Florida’s vaccination rate is well below that of other major states and that’s now being reflected in new cases of Covid-19, which have surged 88 per cent in the past two weeks.

In Texas, where just 46 per cent of people are vaccinated, has also seen its healthcare system stretched to breaking point.

Last week, it emerged some 600 people were waiting for general beds in hospitals in the Houston metropolitan region, while almost 90 were waiting for an ICU bed.

Hospitals in the city are also drastically understaffed, authorities said.

A warning about covid complacency

The majority of Floridians don’t support strict measures to combat the virus, polling has shown, and the state’s economy relies strongly on tourism, so the tone at the very top isn’t overly surprising.

It’s also fair to say that the pushback from the Republican leader was political in nature, with pundits arguing his presidential aspirations and close ties to Donald Trump have shaped much of his response to the covid crisis.

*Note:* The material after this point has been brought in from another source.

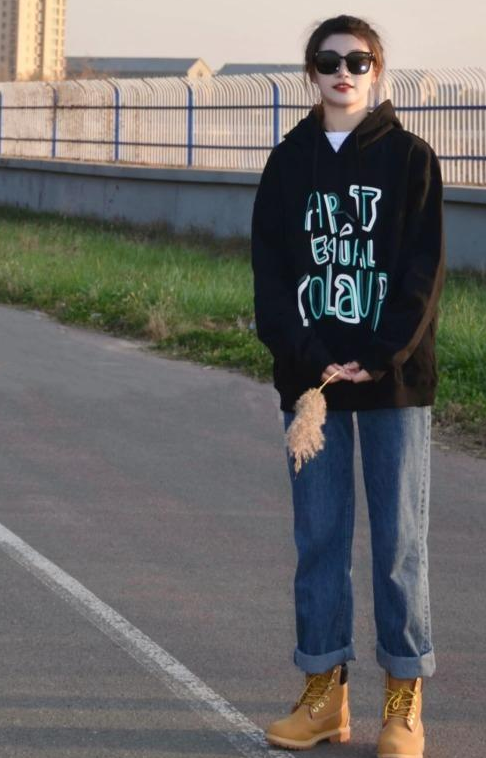 For the style of sweatshirt, try to choose this oversized style, that is The line of the hem is a straight line and the style is loose. The effect of this kind of wearing is relatively refreshing, and the line on the belly is relatively straight, which can well collect the waist and hips and make it look slimmer.

Throughout the pandemic, Florida has been eager to buck the trend and push on with a rapid return to normal pre-covid life.

As large parts of the country invested in vaccination hubs and incentives to encourage residents to get the jab, the Gulf state focused on scaling back measures and even banning them.

Governor DeSantis placed a ban on mandated mask-wearing, such as in schools. He vowed hefty bans for school districts who defied him and even threatened to withhold teachers’ salaries.

Doctors say that level of complacency has contributed to both a low willingness to adopt covid-safe measures and a sense of vaccine hesitancy.